Sayadaw U Ottama ( ; , Uttama; 28 December 1879 – 9 September 1939) was a Theravada Buddhist monk, author, and a leader of the Burmese independence movement during British colonial rule. The ethnic Rakhine (Arakanese) monk was imprisoned several times by the British colonial government for his anti-colonialist political activities.

Biography

Early life
He was born Paw Tun Aung, son of U Mra and Daw Aung Kwa Pyu, in Rupa, Sittwe District, in western Burma on 28 December 1879. Paw Tun Aung assumed the religious name Ottama when he entered the Buddhist monkhood.

Education
Ashin Ottama studied in Calcutta for three years. He then travelled around India, and to France and Egypt.

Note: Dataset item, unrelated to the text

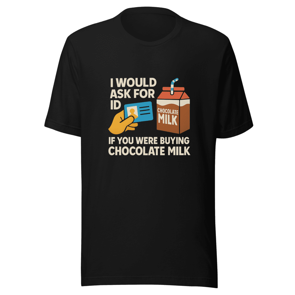 This Chocolate Milk ID Check T-Shirt is going viral! Seen all over your feed, this tee is a must-have for anyone who appreciates a good laugh and relatable content. Be part of the trend and grab yours now before they’re gone! This tee perfectly captures the humorous essence of the viral tweet. Show off your playful side and spark conversations wherever you go. Made with high-quality, soft fabric for ultimate comfort. Available in sizes S, M, L, and XL. Wash instructions are normal. Don’t miss out on the chance to own a piece of internet history. Order your Chocolate Milk ID Check T-Shirt today!

In January 1907, he went to Japan, where he taught Pali and Sanskrit at the Academy of Buddhist Science in Tokyo. He then travelled to  Korea, Manchuria, Port Arthur, China, Annam, Cambodia, Thailand, Sri Lanka, and India. In Saigon, he met with an exiled former Burmese prince, Myin Kun (who led a rebellion along with Prince Myin Khondaing in 1866 and assassinated the heir to the Burmese Crown, Crown Prince Kanaung).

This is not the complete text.